Outside the cell, the crypt was in silence and the feeble illumination was even poorer, as some of the rush-lamps had run
out of oil and no one had replenished them. Alexander sat on a stool near the hearth, Jan squatting near by, the flames from the fire casting a ruddy glow on his bizarre features. All pretence at work had ceased. The furnace had gone out and the spouts of the distillation flasks no longer dripped into their beakers.
'They were bloody frauds, I suspected it all along!' muttered the Scotsman, for the twentieth time. 'They must have seeded those crucibles with blobs of gold, just as so many impostors have done in the past.'
Jan made some throaty noises which signified agreement. Alexander could recognise about a dozen different noises that the Fleming made, which gave him some degree of communication with his faithful servant.
'We are in big trouble, Jan, my lad,' he carried on, in his habitual monologue. 'I don't trust them when they say they will let us go on our way on Saturday.' He spoke in Gaelic, which Jan had picked up in his years with the alchemist. It was useful when they wanted to keep their conversation private. Jan made some signs and grimaces, using his fingers to denote running away.

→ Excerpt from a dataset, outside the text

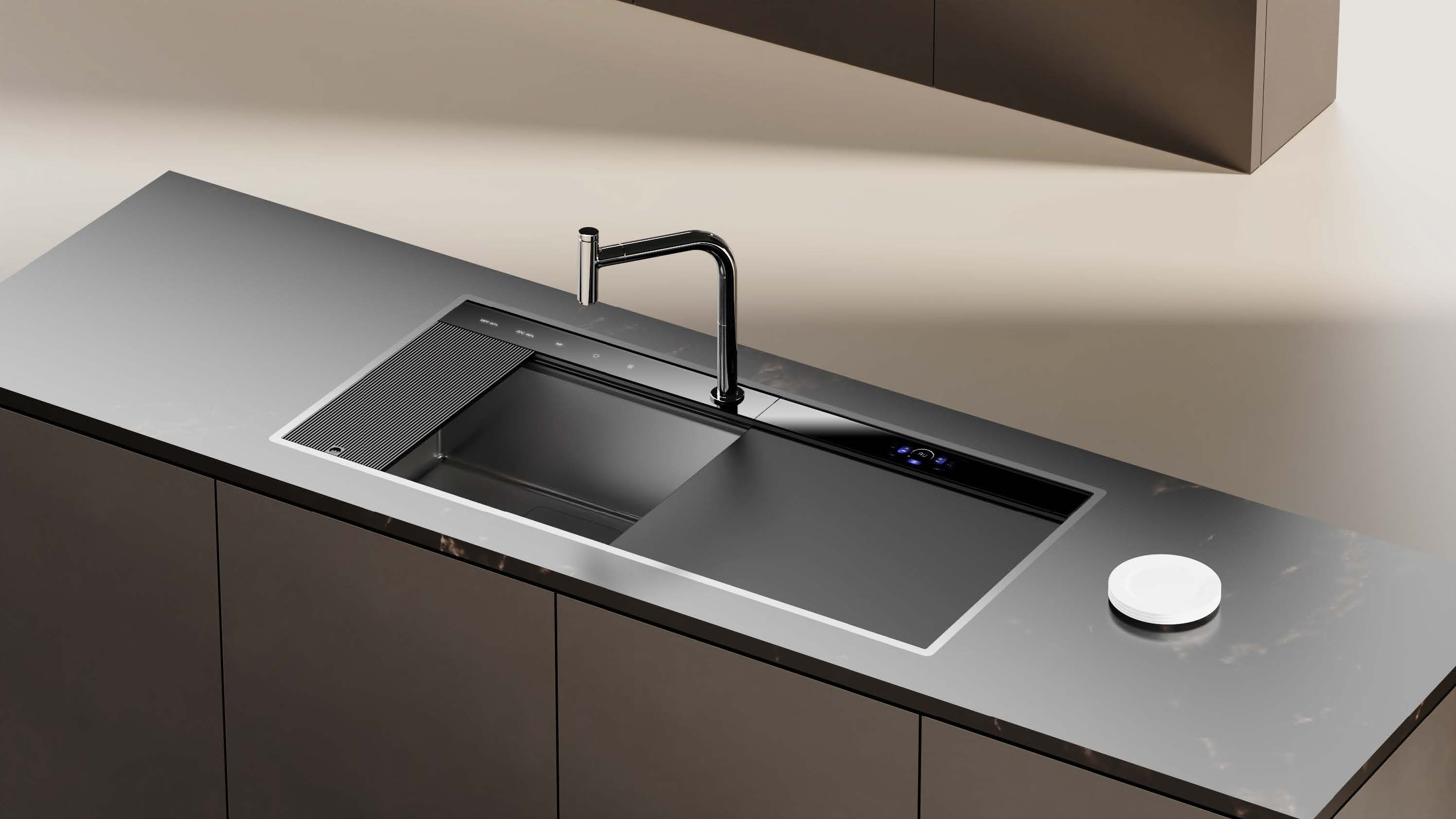 The new generation of sink dishwasher design integrates the "sink" and "wash" zones into a "one-piece operation surface." Lowering the dishwasher panel and using aerospace-grade scratch-resistant metal transforms the panel into additional countertop space for food prep and draining. This innovation enhances kitchen usability while redefining the sink dishwasher's core design. A clear distinction between digital and physical interactions reduces clutter, optimising daily operations. The horizontal digital interaction zone spans the large basin, integrating technology and setting the stage for a more intelligent, more efficient sink experience in the future.

'I doubt we'll get the chance, Jan. But you are the stronger and faster, so if you see any opportunity, take it and run. Find that village that we were told to make for - it can't be more than a mile or two away, through the forest.'
The Fleming nodded and Alexander fell silent, regretting again that he had ever agreed to take the generous payment to come here and try to augment Prince John's diminished treasury. The transmutation of base metals had never been his prime interest - the Elixir of Life was his goal, and he thought that he had now succeeded. He had a small phial safe in his pouch, but it was difficult to know whether the contents were potent as, by definition, producing immortality or even longevity was hard to demonstrate.

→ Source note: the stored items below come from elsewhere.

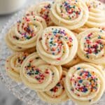 - Pipe the Cookies: Transfer the cookie dough to a piping bag fitted with a round tip. Pipe small circles of dough onto the prepared baking sheet, spacing them slightly apart. If desired, decorate with sprinkles. Chill the baking sheets in the refrigerator for 20-30 minutes so the cookies maintain their shape during baking.
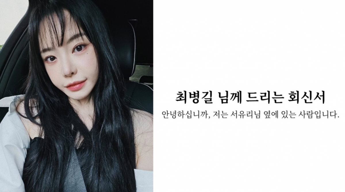 서유리는 26일 장문의 글을 게재했다. 글에는 '최병길 님께 드리는 회신서'라는 제목이 담겼으며 서유리와 열애 중인 연하 법조계 남자친구가 작성한 것으로 보인다.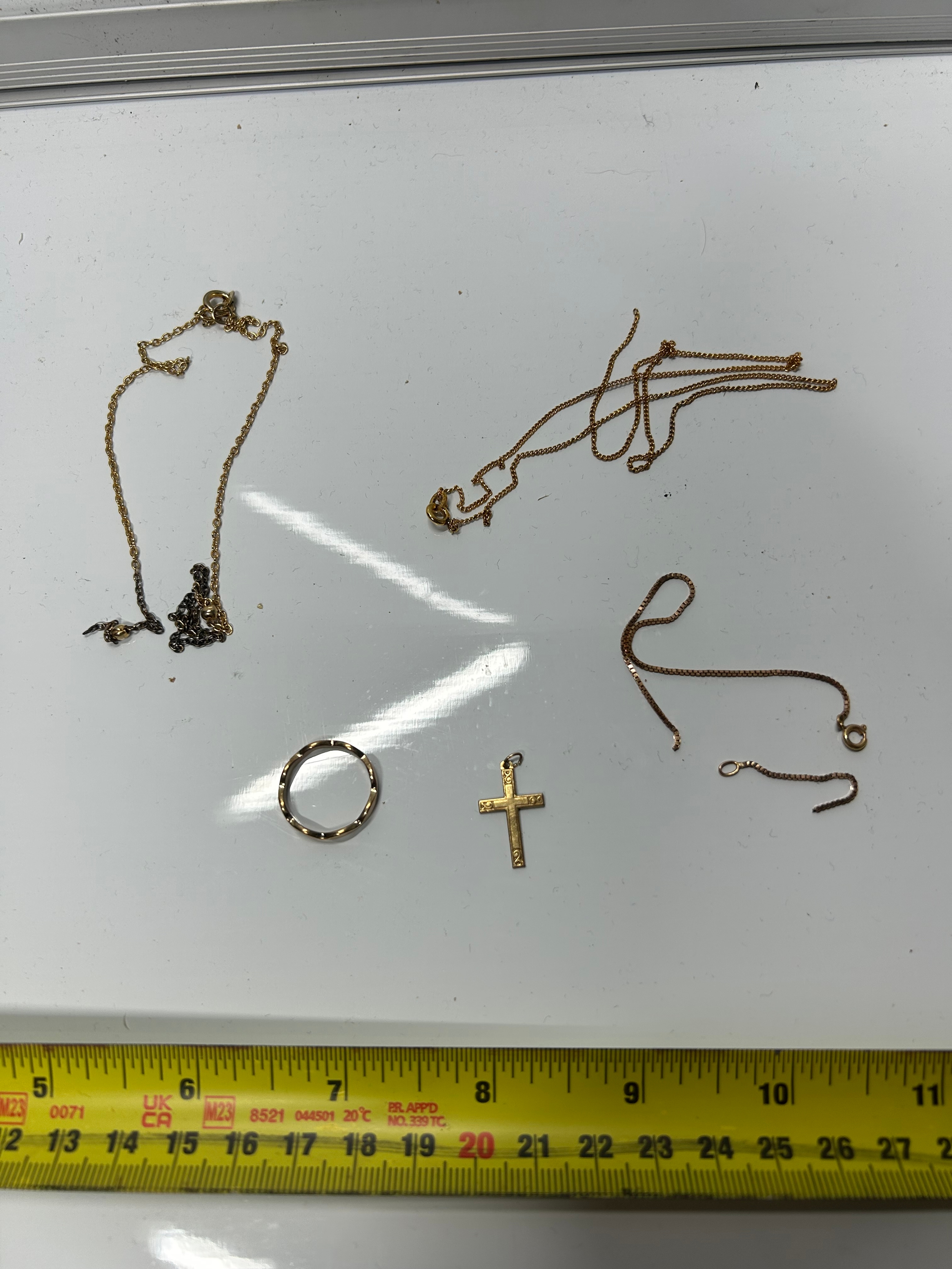 Gold tone jewellery bundle inc rolled gold cross and chain - As Found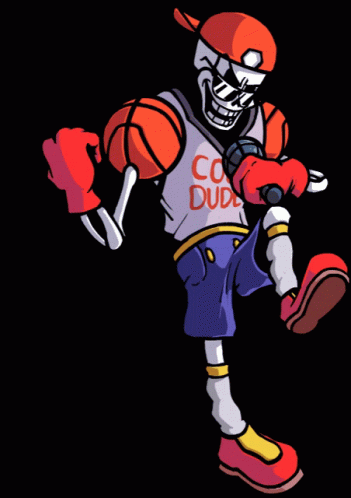 Papyrus from Undertale, in his 'Cool Dude' outfit, rapping with a microphone in Friday Night Funkin'.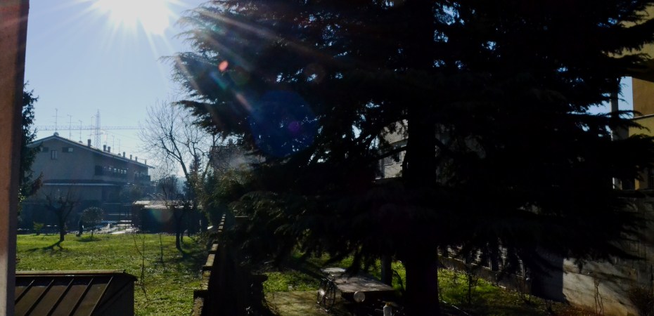 Il sole ora sta per essere nascosto dal pino, è caldo, vivo.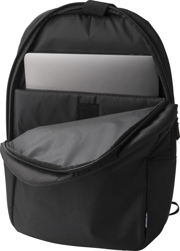 Nahrbtnik za prenosnik iz poliestra RPET  (15 inch). En velik predal. Majhen žep na zadrgo spredaj.

The thought of his little phial sparked a new idea in his fertile brain and getting up, he went to his work table and began tipping some powders and liquids from various stock bottles into a small mortar. Grinding them up, he decanted them into another empty vial. Carefully stoppering this, he placed it in an inside pocket of his loose-fitting blouse and went to sit down again to await events.
Some time later, there were heavy footsteps on the stairs and the door was unbarred to admit Alfred. The ungainly outlaw, who carried a long battleaxe, scowled at the two occupants and jerked his head towards the entrance.
'The Mohammedan says you had better have something to eat,' he growled ungraciously. Alexander shot a knowing look at Jan, who gave an almost imperceptible nod.
'What about the people in those chambers?' demanded Alexander, as he moved warily past the big oaf with the vicious-looking weapon. They need something, especially the poor women!',
The Saxon prodded the alchemist with the blunt head of the axe. 'I don't know nothing about them, so get going and be thankful!' he snarled.
The Scot and his servant went out blinking into the daylight and crossed to the shack where they had their food, Alfred following them watchfully. Jan's eyes swivelled from side to side, but he decided that he had no chance of making a run into the trees with the guard so close behind.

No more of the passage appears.